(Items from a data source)
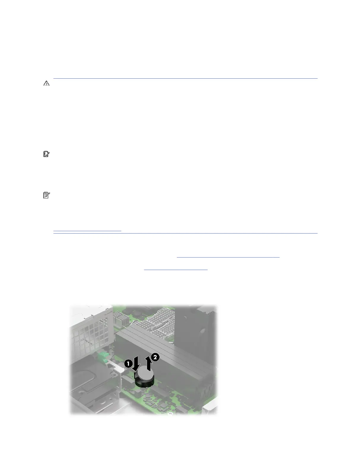 IMPORTANT: Before replacing the battery, back up the computer CMOS settings. When the battery is
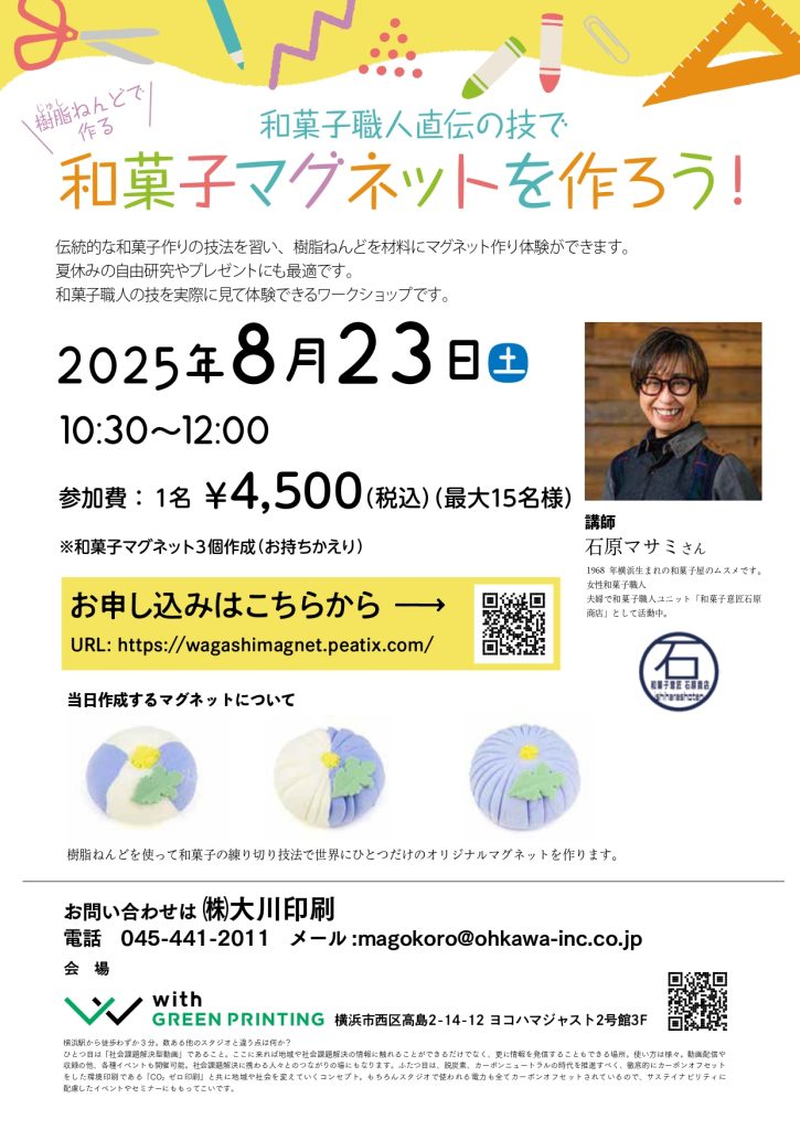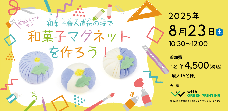 《夏休み企画》和菓子職人の技を実際に見て、和菓子マグネット作りを体験できるワークショップを開催いたします。
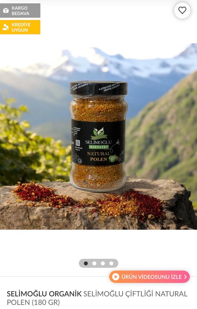 Selimoğlu doğal arı poleni, parlak altın renkli toz halinde ve şeffaf kavanozda sunuluyor.
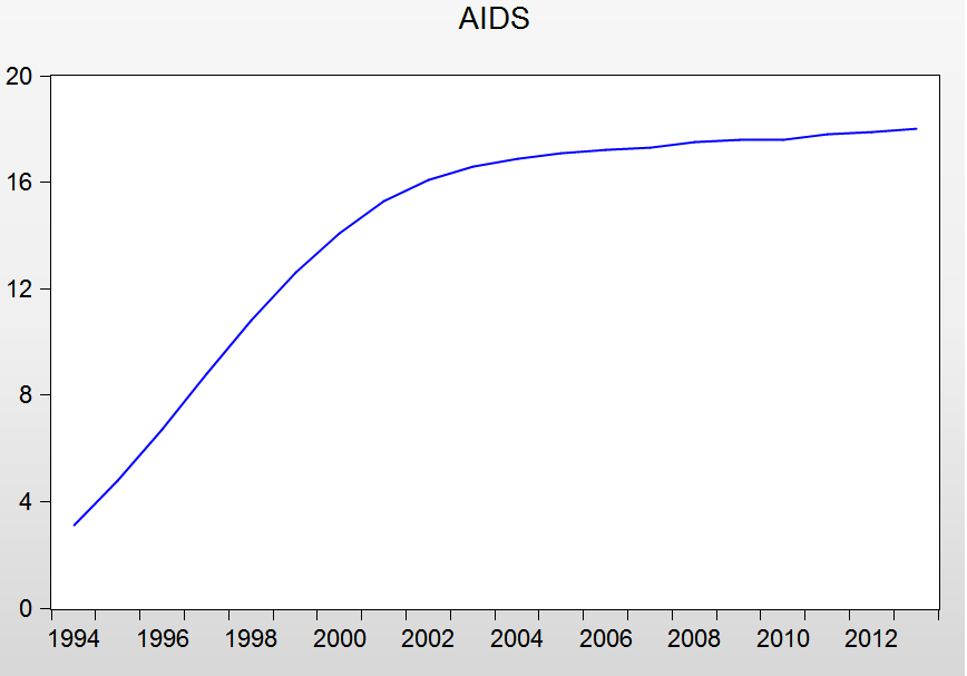 Рис. 6 – график процента больных ВИЧ/СПИД в 1994-2013 гг.
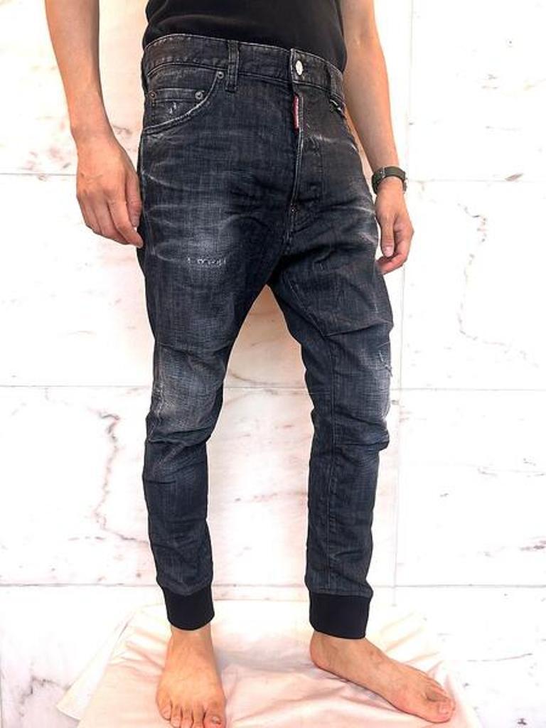 ●テンションの効いたストレッチデニムを使用し、ウエストはイージー仕様のスピンドル入り、裾にリブを取り入れたトラックデニムパンツ。あらゆるスタイリングに適応可能なD2スキニーなシルエットでモードなスタイリングからカジュアルなテイストまで色々なシチュエーションに合わせられるディースクエアード版ジョガージーンズ。ワンサイズアップでの着用をお勧め致します!!
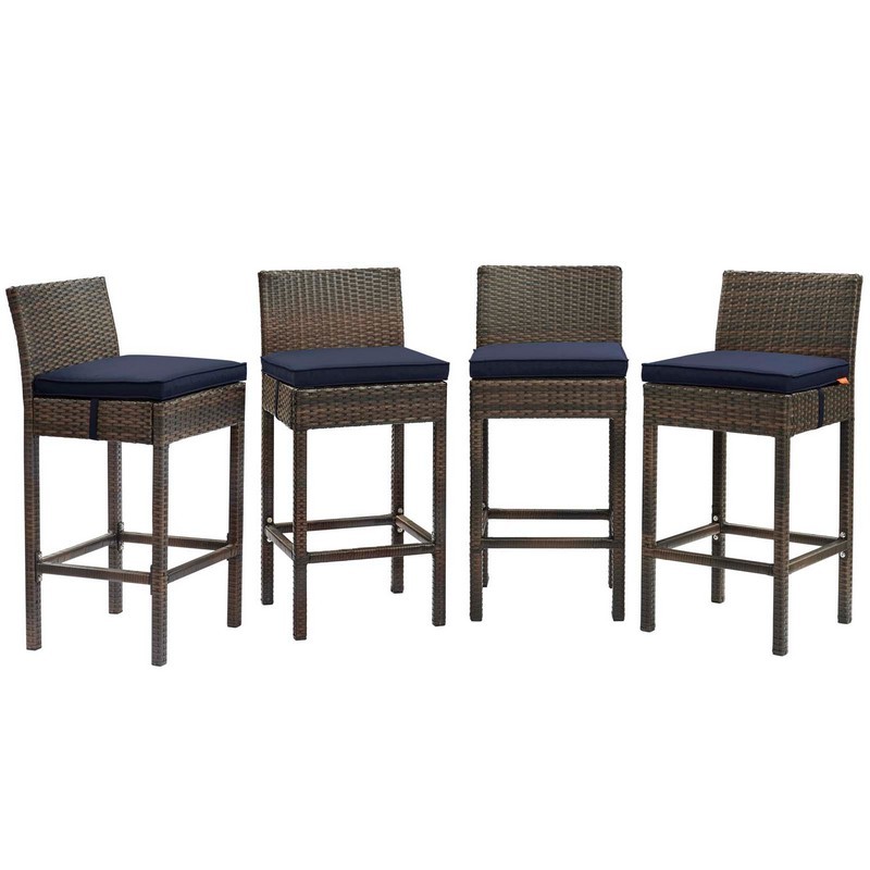 Modway EEI-3601-BRN-NAV Conduit Bar Stool Outdoor Patio Wicker Rattan Set of 4 in Brown Navy, Four

◆ Problem details
With the pictures omitted, restate word for word the lines above from the line that has "Selimoğlu doğal arı" up to and including the line that has "Рис. 6 – график", and no other lines.

◆ Problem solution
 Selimoğlu doğal arı poleni, parlak altın renkli toz halinde ve şeffaf kavanozda sunuluyor.
 Рис. 6 – график процента больных ВИЧ/СПИД в 1994-2013 гг.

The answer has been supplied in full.